Анна Гарф - Кожаные башмаки
Сугробы, подтаявшие за день, теперь покрылись сверкающей корочкой льда. В лучах заходящего солнца казалось, что лёд сам по себе брызжет светом.
Бабушка тоже собралась в школу. Для этого случая надела она широкое красное платье, новую шубу, а поверх шубы — обшитую галуном бархатную безрукавку. Обулась в белые чёсанки с новыми галошами, голову повязала белой шалью. Она и вообще-то всегда любила принарядиться, наша бабушка, а тут ведь дело какое большое предстояло совершить — посылку упаковать и письмо составить Ахмету-красавцу, Ахмету-Юмарту, Ахмету-воину.

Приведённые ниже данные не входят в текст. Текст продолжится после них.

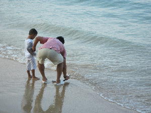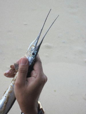 ティオマン最終日の朝。海を見ながらレストランで朝食を摂る。いつものフルーツ(スイカとメロン)と紅茶、それと今回は持ち込んだカップスープとパンを食べながらこの風景も暫く見れないなぁ、なんて感傷に浸っていると尻尾を立てながらとっとこ水面を横切って行く長い魚が2匹。ピカピカ光ってあっという間に視界から消えたと思ったら砂浜に打ち上げられてもがいていた。レストランにいたマレー人の親子が猛ダッシュで走って行く。食べるのかな?それとも海に戻してあげるのかな?と紅茶をすすりながら思いを巡らすと、戻ってきた親子を囲みいきなり始まるレストランでの撮影会。私も横からパチッと便乗。この時点ではまだ息があった魚。名前は分からないけどピカピカ光って美味しそうだったなぁ。撮影会が終わって魚を海に返す親子。動け動けと突っついてるけど流石にもう無理だよ、陸に長く居すぎて息が無いもん。こりゃ他の魚の餌だな。

«Фаим растёт как трава, — пишет под её диктовку Фатыма-апа, — ты — отец, должен о воспитании единственного сына позаботиться. Саран-абзей хорошему не научит…» — диктует бабушка.
Фатыма-апа склонилась над столом. Усердно, как ученица, строку за строкой выводит. А бабушка важно так слова произносит, каждое слово давным-давно продумано. Фаим тоже пишет, сочиняет первое в своей жизни письмо. Почерк у него хороший, но сейчас он пишет особенно красиво.
— Только смотри, строку справа налево не веди! «Миаф» вместо «Фаим» не напиши! — смеётся Асия.
Ребят, будто магнитом, к столу притянуло: интересно поглядеть, как будут зашивать посылку. Но почему среди этих любопытных не видно Миргасима?
Но мог ли он оставаться в школе, если бабушкин сундук стоит сейчас с откинутой крышкой. Бабушка уж если начала письмо диктовать, до ночи не кончит.
«Кланяются тебе Абдракип-бабай, тётя Карима, и Рустям, он теперь нашего колхоза председатель, и жена его Фахри…»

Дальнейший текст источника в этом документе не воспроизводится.